His eyes soften, and he scratches his jaw, letting out a long breath. “Valentina, I care about you. You’re right, we barely know each other, and it is too soon to talk about feelings. If circumstances were different, I would wait until we’d had more time together, but I meant what I said before. I want to get to know you and finding out you’re sick doesn’t change that.”
“It does for me,” I say, and now it’s me who’s angry.
“What does that mean?”
“You were never supposed to know. You were a fantasy—what I would have wanted if I wasn’t sick—and I got to live it for one day. I was happy with that, but you had to keep pushing, didn’t you?”
“Yeah, I did! Because I like you,” he hisses. I blink because it’s almost comical how he says the sweetest words with the roughest voice and so much anger. I want to laugh at how such a deep voice comes from the body of a man who has no business with that baritone.
“Rory,” I plead. “Do you think I want you around for this? Especially when you know what I am without this illness?”
“Do you think you are any less remarkable because you’re sick? Valentina, it only makes you that much fiercer. Don’t you see? It’s the fighter in you that I’m drawn to.”
My vision blurs at the welling of my eyes. He says the most perfect thing he could possibly say to me, and I press my hand to my chest to soothe my aching heart.
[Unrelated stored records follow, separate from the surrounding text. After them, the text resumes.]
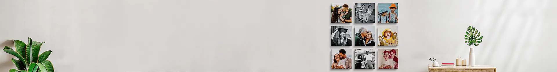 Unsere Fotomosaik-Leinwanddrucke bieten eine Reihe von Stilen und Größen für jeden Geschmack. Wählen Sie zwischen unseren 4-teiligen (25,4 x 25,4 cm), 6-teiligen (25,4 x 25,4 cm) oder 9-teiligen (25,4 x 25,4 cm, 30,5 x 30,5 cm, 40,6 x 40,6 cm und 50,8 x 50,8 cm) Mosaik-Leinwanddrucken.
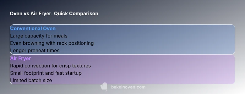 Texture: Air fryers excel at a crisp, dry exterior, while ovens can deliver even browning across larger items with more moisture retention in the interior. Speed: For small batches, air fryers often finish faster due to the compact space and high-velocity air. Capacity: Ovens win for larger portions; air fryers are ideal for quick bites or single- or small-family meals. Energy use is nuanced: smaller appliances can be more efficient for little tasks, while ovens may be more efficient when cooking many items at once. According to Bake In Oven analysis, the key is matching the tool to the task, not forcing one method to cover all outcomes.
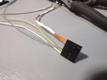 Here shown with the both sides of the connector terminated, wires in place. (Yes, I have a love-hate relationship with Mini-Molex connectors… what can I say?!)

Rory stands from his seat and lies down next to me on the hospital bed so he can embrace me. I curl up into his side like I did that night on the Kansas City grass and breathe him in. This time, it’s the hospital’s antiseptic scent instead of the earthy smells of the park that mingle with the smell of Rory, and it is no less remarkable because it is him. His embrace soothes like nothing in this world, and I fall apart in his arms. I break down for all the words I haven’t said and all the people who don’t know I’m sick. I sob into his t-shirt, and he lets me. He hugs me tight, encouraging me to let it all out.
The circles he rubs on my back bring me down from my cry, and I compose myself.
“Now, can you tell me what it is?”
“Cervical cancer,” I say weakly.
Rory’s chin rests on top of my head, and I’m so glad he can’t see my face right now.
“Stage?”
I try to resist giving him any details, but in the end, I give in. I tell him every detail about my cancer and am relieved I don’t have to explain what any of the terms mean because he already knows. His arms tighten around me like the words physically attack him.
After a long moment, I feel him shake around me. I look up, and he is holding back laughter. I wipe my eyes. “What?” I ask. “Are you laughing?”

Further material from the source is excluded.